2008/11/10 『リハビリナース』1-6:40-44
青木 慎太朗(羽衣国際大学非常勤講師)


  *これは私が送った最終校正前のデータです。引用等される際には、必ず原典に当たってください。

1 疑問
 障害の受容とはあきらめでも居直りでもなく、障害に対する価値観(感)の転換であり、障害をもつことが自己の全体としての人間的価値を低下させるものではないことの認識と体得を通じて、恥の意識や劣等感を克服し、積極的な生活態度に転ずること(上田敏,「障害の受容――その本質と諸段階について」,『総合リハビリテーション』8-7 pp515-521,1980年)
 これは上田敏によって示された障害受容の定義である。旧来から存在した価値転換論とステージ理論を融合して日本に紹介したものである。まとめ直すと、人が自分の障害を受容する際には、
  (1)医師等から障害があること(なおらないこと)を告げられてショックを受け、
  (2)それを否認し、
  (3)否認したところで現実が変わらないことに混乱し、
  (4)現に日常生活上に起きている問題を解決しようと努力をはじめ、
  (5)「障害があるために○○できない人(自分)は劣っている」という悲観から「○○ができなくてもそれが人間的価値を低下させるものではない」という価値観へと変化していく、
という心理的プロセスを経るとされる。
 しかしこれらは人生の途中で(事故や病気が原因で)障害を負った人(中途障害者)を念頭においた議論であるとともに、中途障害者に対するリハビリテーションの場面で用いられている。
 なぜ障害受容は中途障害者に限定されるのだろうか?
 本稿では、先天性の視覚障害者である自らの経験を振り返りつつ、この問題について考える。

  2 自分の障害と出会ったとき

 「あの時だ」と明確に示せるわけではない。事故や病気で失明した人ならば、具体的な時間を示すことができるのだろうが、私の場合は生まれた直後から右目が弱視で左目は見えない。それでも幼少の頃は左も光だけ見えていたが、今ではそれすら見えない。しかし生活にはまったく影響なく、左目が失明したことは視力検査で分かったにすぎない。私にしてみれば、物心ついた頃から自分の見え方は今の状態と変わりないから、何かの変化を感じ取って障害に気付くという経験はない。私にとっては、今のこの見え方が「普通」である。
 よく「どう見えていますか?」と尋ねられ、返答に困ってしまうことがある。質問者の(あるいは普通に見えているとされる人たちの)見え方が分からないため、比較のしようがない、というのが最大の理由だ。それで仕方なく視力を言うのだが、たいてい「ふーん」で終わりである。あるいは、「私がコンタクトを外したときと一緒だね」という反応が返ってくるときもあるのだが、たぶん違うと思う。そのコンタクトを私が付けても見えるようにならないから。だが、どう違うのか、説明できない。これも困ってしまって、話はそれで終わりになる。
 私が自分の障害を知るきっかけとなったのは、大きく分けて次の二つの“出来事”(の積み重ね)である。

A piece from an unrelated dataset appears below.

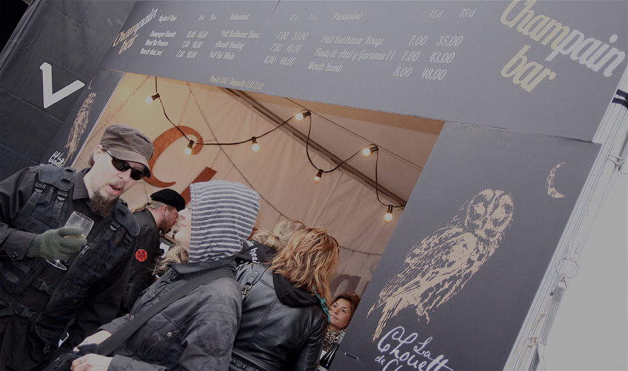 Am ersten Tag läuft es noch wie folgt: Beim Blick auf die Preise wird dem Nicht-Finnen schlecht. Bier 7,50 Euro, Cocktails mit so wohlklingenden Namen wie Gates of Suvilahti oder Valkovenäläinen 11 Euro, ein Weinglas mit 0,1cl Inhalt 7 Euro. Überhaupt: Während in Deutschland auf Festivals keine bis kaum Weinstände zu finden sind, sieht die Sache hier anders aus. Es gibt auch keine Bierläufer, sondern stattdessen einen Erste-Hilfe-Wagen mit Wein und Sekt, den zwei junge Damen durch die Massen ziehen.

2-1 私には見えないものが見えている人たちとの出会い
 生活の中で何かをしているとき、他の人と比較して自分が見えてないんだと気付かされる。電車に乗ろうとホームに行っても、止まっている電車の行き先表示が見えない。周りの人に聞くと、あっさりそれを教えてくれる。彼らには見えているが私には見えないということを実感させられる瞬間である。こんな経験は今では日常茶飯事だし、いちいち気にしていられないのだが、幼少の頃、親や友達との遊びと通して、自分には見えていないものが他の人には見えているんだということを感じ取っていた。
 「テレビを見るときは画面から離れて見ましょう」と教わったことがある。何を馬鹿なことを言っているのだろうかとその時は思っていた。離れてしまえば画面が見えないじゃないか、と。しかし、私が子供の頃にはファミコンが流行っていて、友人たちは画面から離れたところでそれを操作して遊んでいた。私はまったくその輪の中に入っていけなかったのだが、私にとっては友人たちがしていることの楽しさが分からないから、一緒に楽しみたいとか、それができないことに対する苛立ちのようなものは思い出せない。「こいつら、何がおもしろいんだろ?」と思いながら、一人で何か考え事でもしていたのではないだろうか(これは今でもよくあることだ)。ただ、周りと比べて何か違うということは感じていた。よく似た話だが、球技のどこがおもしろいのかも分からなかった。ボールが当たると痛いし、どこから飛んでくるかも分からず、見えたときには手遅れだったからだ。だがみんなは楽しんでいた。不思議だったが、その時私が抱いていた何とも言えぬもやもやした感覚が、自分が弱視であることが分かるにしたがって徐々に晴れてくることになる。

2-2 集合写真と鏡
 これはたぶん片方しか見えない弱視者特有の問題なのだろう。幼稚園から小学校低学年頃の集合写真を見ると、私だけ顔がゆがんでいる。「カメラの方を向いて」と声をかけられ、カメラは見えなくともその声のする方が真ん中になるように顔の向きを変える。私の場合は右目しか見えていないから、右目の真ん中にカメラが来るようにするわけだが、そうすると、右半分が前に突き出た形になる。みんな前を向いているのに、そして自分もそうしたつもりなのに、自分だけが横を向いている写真ができあがる。おかしい、おかしいと何度も思ったが、分からなかった。
 もうひとつが鏡である。鏡を見ると鼻は目と目の間にある。しかし自分では、鼻は目の左下にある。指で鼻を触ってみると、鏡では目と目の間を触っているはずなのに、自分では目の左下に手がある。やはりおかしいと思う。そして分からないまま時が過ぎる。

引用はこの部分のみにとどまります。